TEHRAN (Defapress)_on the latest Saudi-led coalition’s war crime in Yemen, Medea Benjamin, the US political and human rights activist said, “The crown prince feels like he does not have to apologize for anything, in the same way that Saudis have responded to the Canadian government criticism about the jailing of women rights activists.”
An air strike by Saudi-led coalition forces targeted a school bus travelling through a busy market area in the northern province of Saada on August 9.
Some 50 civilians, most of whom children under 13, were killed and more than 70 others were injured.
“The Saudis have taken the most revengeful response that is on one level ridiculous and on another level just trying to flex the Saudi muscles and make it clear that they won’t tolerate any interference from the outsiders,” she said adding that “With this bombing they are sending the message ‘Don’t criticize us! and Don’t get involved, and we won’t listen to outsiders’.”
“The Saudis know that most governments respond to financial pressure and so they have been using financial pressure all the time.
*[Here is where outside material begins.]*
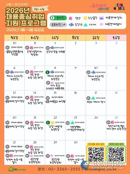 이와 함께 시는 취업을 희망하는 서울 거주 전 연령(청년·취약계층·중장년·시니어) 4,500명을 대상으로, 채용 연계를 핵심으로 한 맞춤형 취업지원 프로그램을 4월부터 운영한다.

When they were criticized at the united nations and put on the countries that abused children during conflicts, they flex their financial muscle and said we will withdraw many millions of dollars from UN programs for children and then secretary general was forced to back down and take Saudi Arabia’s name off the list,” she reminded the Saudis’ record in forcing critiques withdrawing from their positions.
“And when the Swedish foreign minister criticized Swedish weapon sales to Saudi Arabia and the Swedish business community forced the government to become silent,” she added on the weakness of governments in face of financial issues.
So this is nothing new the Saudis use their financial clout to get away with war crimes and internal repression, Benjamin said.
The activist who is a co-founder of the human right NGO Code Pink said, “[President] Trump has said that he doesn’t care about human rights and he is not interested in trying to make human rights a part of his foreign policy. And the Saudis are very happy with that since they can get away with these crackdowns without the Trump administration saying anything and you can see how the US government refused to support Canada.”
Explaining the contradiction between the Canadian Prime Minister Justin Trudeau’s action defending the multibillion arms deal with Riyadh and now standing up for human rights in Saudi Arabia, the activist said, “Business interests put pressure on the governments, whether it is Canada, the US or Western Europe; all these countries that preach democracy turn a blind eye on when it comes to making money on weapon sales.”
She believed that in near future the Canadian government, too, must be under intense pressure from the business community to back down.
Commenting on public opinion in the US and their reaction to what is going on in Yemen, she said, “There has been little coverage of Yemen; however the latest attack was covered and it is going to be an important turning point to make Americans aware of how Yemeni children are being approached and perhaps it will be enough to pressure the US government to finally take some measures.”
According to the UN Children’s Fund (UNICEF), since the beginning of the Saudi-led intervention in Yemen in 2015, about 2,400 children have been killed and 3,600 maimed in Yemen.